Write out, exactly and only, the lines that run from the top of the records to the line with "A rare Victorian". Include both ends; exclude pictures.

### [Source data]
------------------------------------

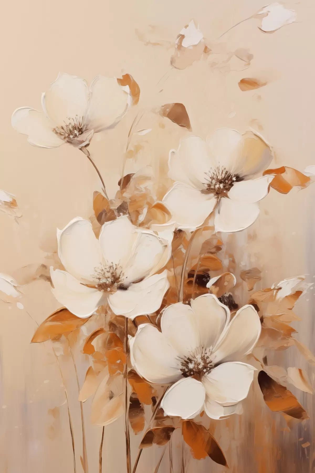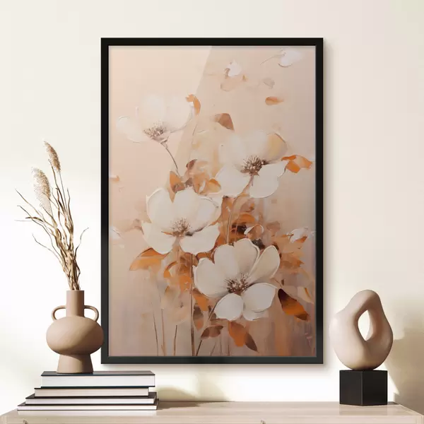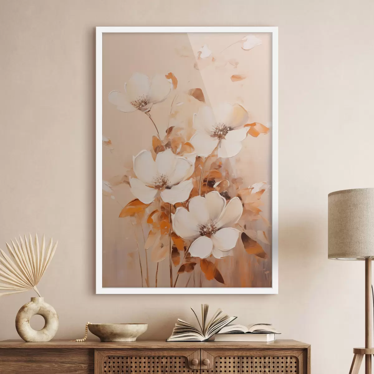Poster Flori albe cu frunze portocalii, tușe delicate, paletă de culori calde, compoziție elegantă f45573
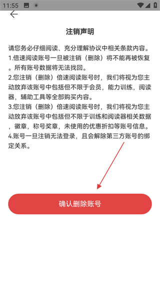 5、在注销声明页面,点击确认删除账号,完成账号注销操作。
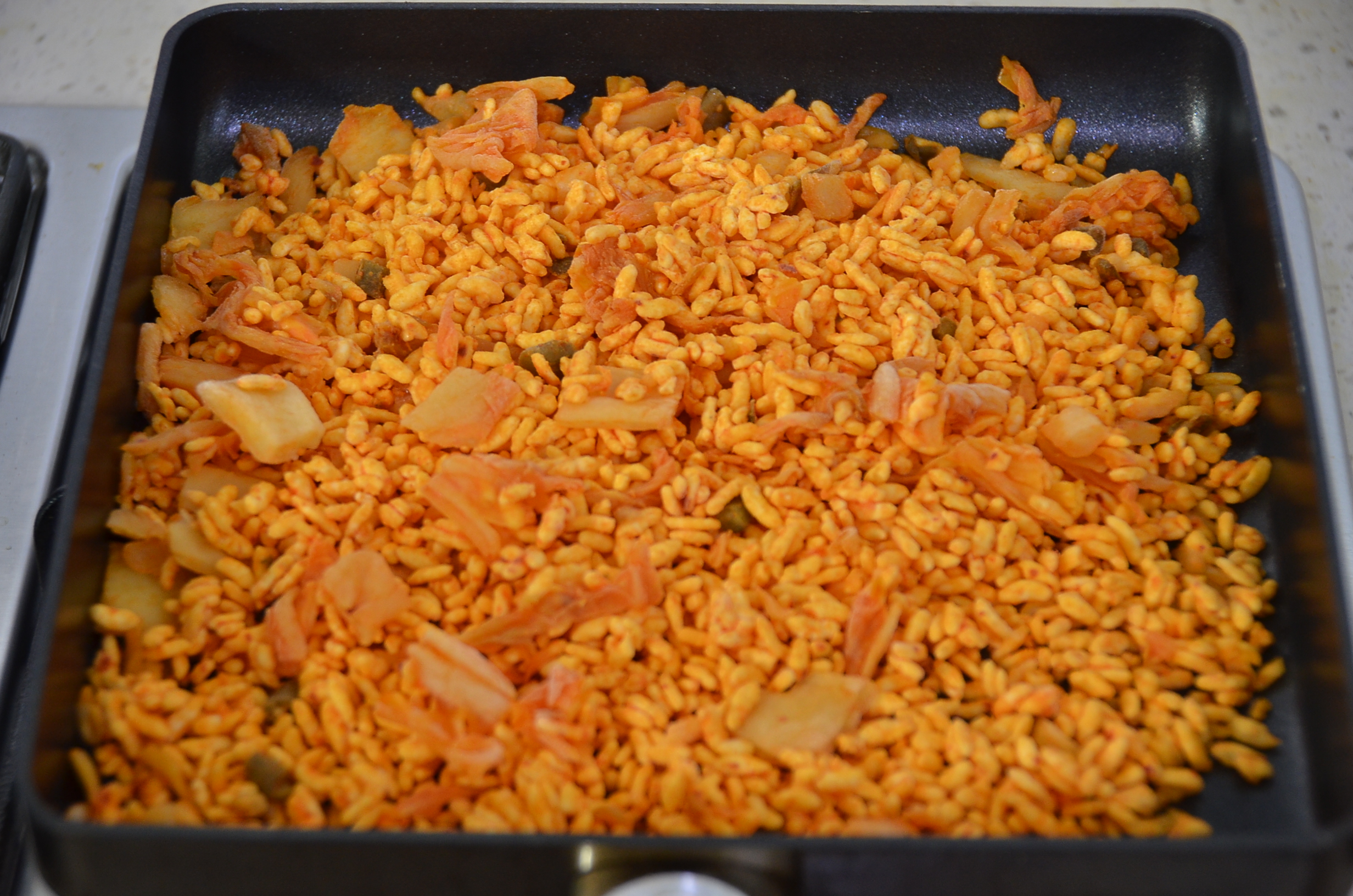 저는 위 조리법 1번 프라이팬 조리법을 이용하여 아들 김치볶음밥을 만듭니다. 봉지에 들어가 있는 밥을 팬위에 올려 놓아 보니 고슬고슬한 밥과 김치가 적지 않아 보입니다.
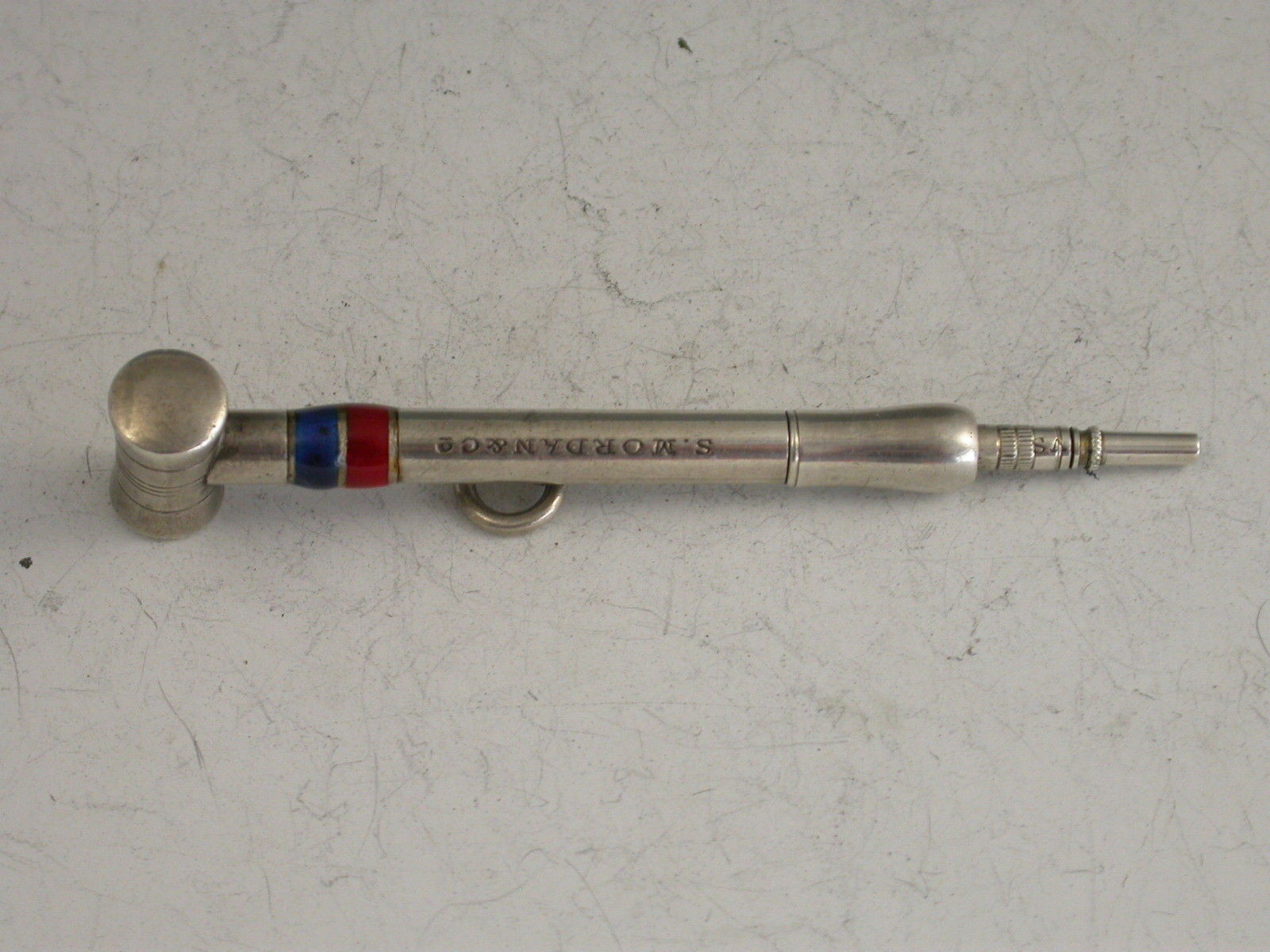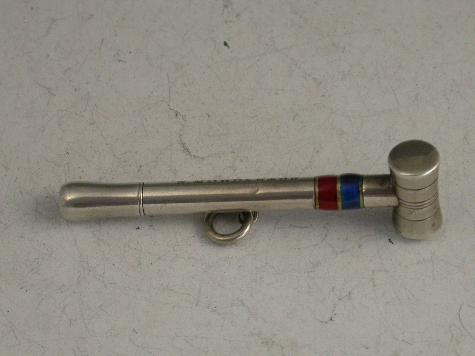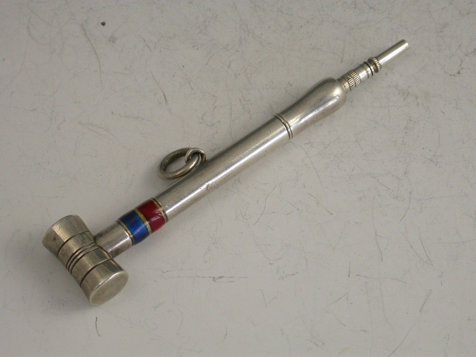 A rare Victorian novelty silver Propelling Pencil made in the form of Croquet Mallet, with red and blue enamel bands to the handle, the pencil extending on a twist mechanism.
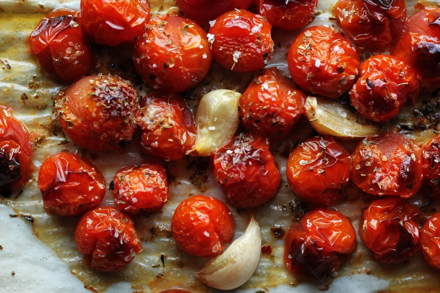 Preheat oven to 375F. Place tomatoes and unpeeled garlic cloves on a sheet pan. Drizzle with olive oil and sprinkle oregano over top along with ½ tsp salt and ¼ tsp red pepper flakes. Roast for about 30 minutes, until tomatoes are splitting, blistered, and slightly charred.
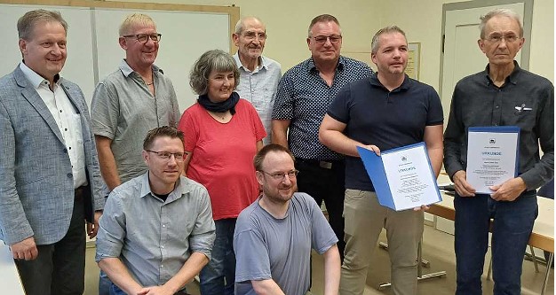 Gut besuchte konstituierende Sitzung  Mitglieder des neuen und alten Lindacher Ortschaftsrats, v.l. Bürgermeister Peter Reichert, Volker Morr, Steffen Bißdorf, Silke Lehr, Avellino Casado, Dr. Oliver Petersen, Ortsvorsteher Achim Helm, Dominik Nintscheff und Lothar Jost (beide ausgeschieden). (Foto:privat)(hr) (wm) Am 19. September fand im gut besuchten Lindacher Dorfgemeinschaftshaus die erste Sitzung des Ortschaftsrats nach der Kommunalwahl am 9. Juni statt.
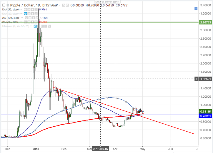 - Ripple is consolidating in narrow range between 0.96490 and 0.7600 for past 8 trading session. The pair hits low of 0.7800 slightly near 200- day MA and shown a minor jump. The pair hits high of 0.96490 from low of 0.4500 almost 115%. It is currently trading around 0.84170. Overall trend is bullishness as long as support 0.4500 holds. Any further weakness only below that level. It is currently trading around 0.8417.
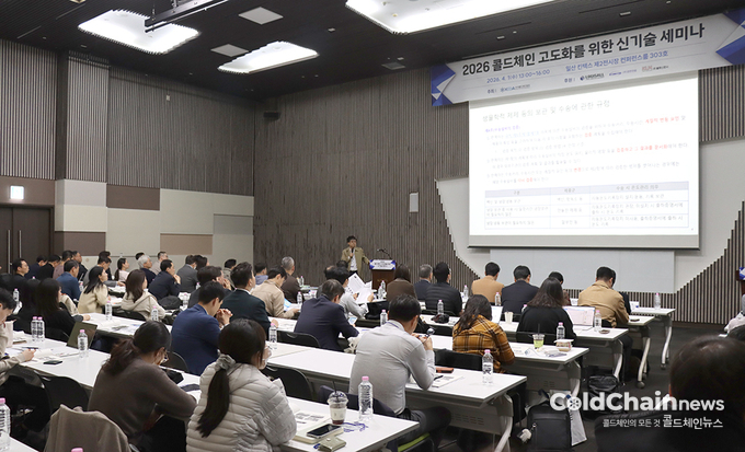 한국콜드체인협회는 4월1일 일산 킨텍스에서 열린 ‘제4회 국제콜드체인산업전’에서 ‘콜드체인 고도화를 위한 신기술 세미나’를 개최했다고 밝혔다. 식품·의약품 콜드체인유통·물류파트 관계자 및 냉장·냉동창고업 종사자 등 180여명의 참석자가 자리했다.
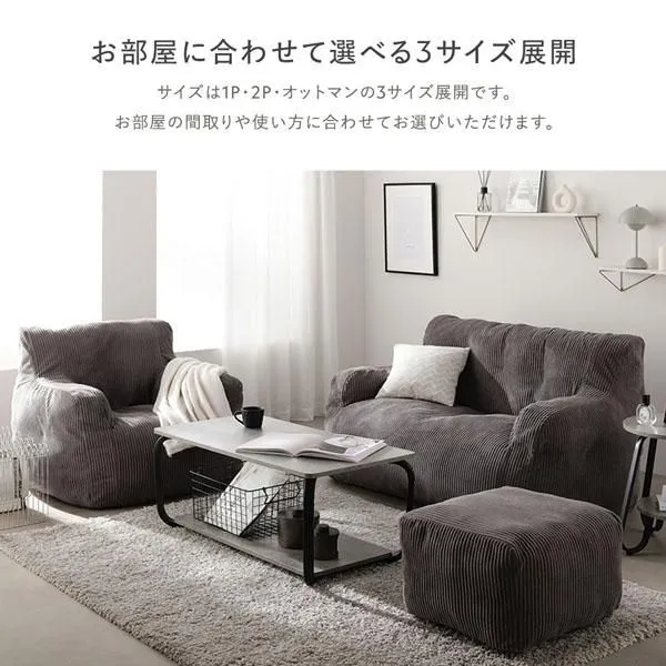 ■お部屋に合わせて選べる3サイズ展開 サイズは1P・2P・オットマンの3サイズ展開です。 お部屋の間取りや使い方に合わせてお選びいただけます。
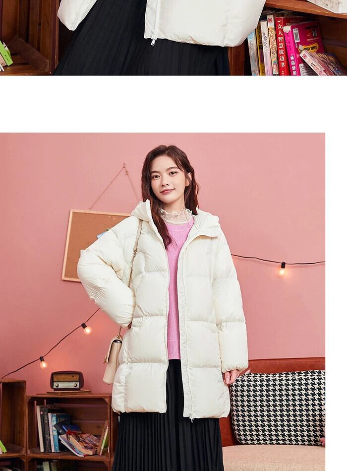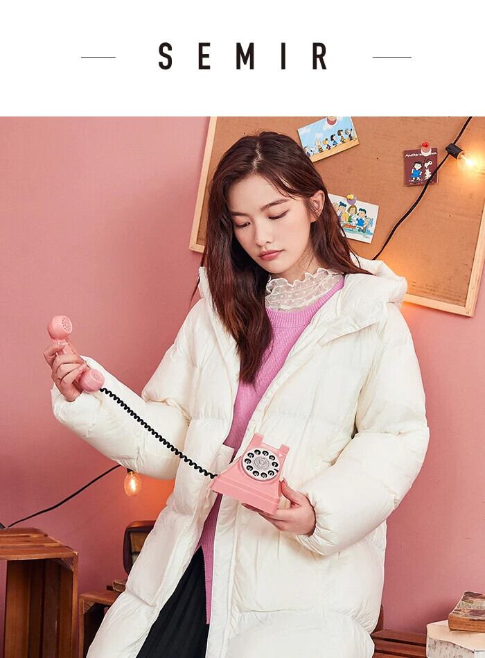 送料無料 Semir ダウンジャケット女性ミディアムロング軽量ジャケット 2023 冬甘いランタンスリーブルーズフード付きパンジャケット 大人ガーリー スウィート キュート カジュアル ウィンター 冬物 AE1212777792926161748
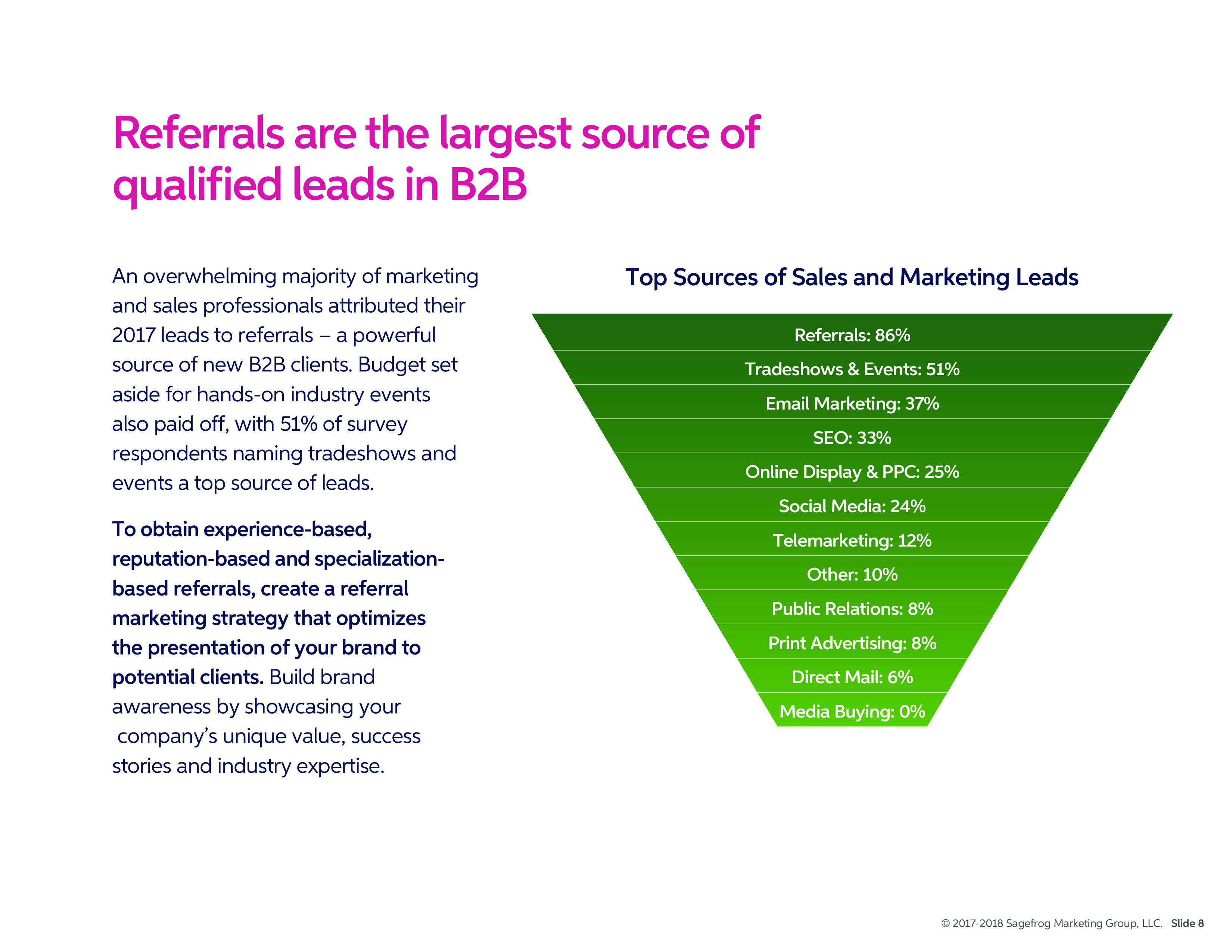 絕大多數(shù)受訪(fǎng)者將2017年產(chǎn)生的潛在客戶(hù)歸因于推薦,還有51%的受訪(fǎng)者認(rèn)為貿(mào)易展和活動(dòng)也推動(dòng)了潛在客戶(hù)的產(chǎn)生。
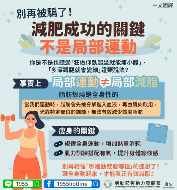 移工宣導|別再被騙了!減肥成功的關鍵不是局部運動(健康)-多國語 2025-07-28 作者: 21世紀人力仲介 媒體布小編 21世紀全球外勞集團協助您找到最適合的優質外籍勞工/家庭看護工/家庭幫傭 / 製造業移工/營造業移工/農業移工,如有服務需求請來電免付費專線(手機市話皆可撥) 0800-32-1111 或 留言給我們 上一頁上一篇外籍移工|勞工具舊制年資 勞雇雙方可協議結清 符合三項條件 即可動支台銀專戶金額 下一篇失聯移工|源頭管控 114 年第 1 次查核外仲結果出爐下一篇 長輩送護理之家 vs 請外籍看護:費用、服務、優缺點完整比較【2025最新】 2025-10-17 閱讀更多 » 外籍移工|台北市最新違法名單 共 103 家 總罰鍰 569 萬 未給加班費最普遍 2025-10-21 閱讀更多 » 外籍移工|勞退舊制準備金計算 明年4 月納入年資滿10 年移工 2025-10-20 閱讀更多 » 相關

------------------------------------

### [Reply]
Poster Flori albe cu frunze portocalii, tușe delicate, paletă de culori calde, compoziție elegantă f45573
 5、在注销声明页面,点击确认删除账号,完成账号注销操作。
 저는 위 조리법 1번 프라이팬 조리법을 이용하여 아들 김치볶음밥을 만듭니다. 봉지에 들어가 있는 밥을 팬위에 올려 놓아 보니 고슬고슬한 밥과 김치가 적지 않아 보입니다.
 A rare Victorian novelty silver Propelling Pencil made in the form of Croquet Mallet, with red and blue enamel bands to the handle, the pencil extending on a twist mechanism.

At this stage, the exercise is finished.